## What the task requires
Output only the lines of the entries that follow, starting at the one with "A welding helmet is" and running down to the one with "スーツ地にチュールやサテンを", both included and unchanged.

## Information
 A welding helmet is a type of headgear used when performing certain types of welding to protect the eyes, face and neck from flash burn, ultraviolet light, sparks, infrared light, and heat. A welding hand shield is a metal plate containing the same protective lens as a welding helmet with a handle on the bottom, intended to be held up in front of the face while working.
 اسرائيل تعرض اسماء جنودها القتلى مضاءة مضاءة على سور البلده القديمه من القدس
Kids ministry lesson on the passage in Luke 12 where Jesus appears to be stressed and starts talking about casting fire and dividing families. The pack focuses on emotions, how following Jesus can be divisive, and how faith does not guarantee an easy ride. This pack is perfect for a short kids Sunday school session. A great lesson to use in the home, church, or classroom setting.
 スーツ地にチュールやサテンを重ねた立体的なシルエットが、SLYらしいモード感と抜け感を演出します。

--

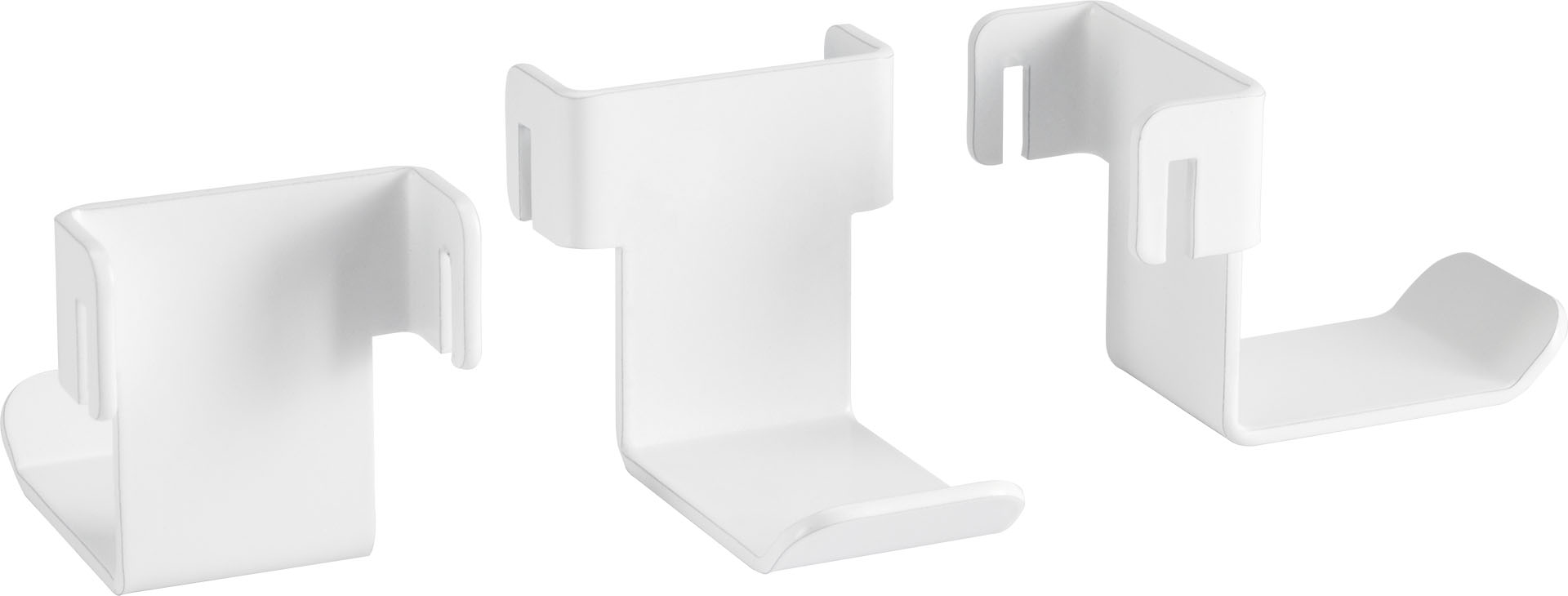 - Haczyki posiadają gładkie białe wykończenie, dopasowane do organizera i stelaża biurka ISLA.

## Finished exercise
 A welding helmet is a type of headgear used when performing certain types of welding to protect the eyes, face and neck from flash burn, ultraviolet light, sparks, infrared light, and heat. A welding hand shield is a metal plate containing the same protective lens as a welding helmet with a handle on the bottom, intended to be held up in front of the face while working.
 اسرائيل تعرض اسماء جنودها القتلى مضاءة مضاءة على سور البلده القديمه من القدس
Kids ministry lesson on the passage in Luke 12 where Jesus appears to be stressed and starts talking about casting fire and dividing families. The pack focuses on emotions, how following Jesus can be divisive, and how faith does not guarantee an easy ride. This pack is perfect for a short kids Sunday school session. A great lesson to use in the home, church, or classroom setting.
 スーツ地にチュールやサテンを重ねた立体的なシルエットが、SLYらしいモード感と抜け感を演出します。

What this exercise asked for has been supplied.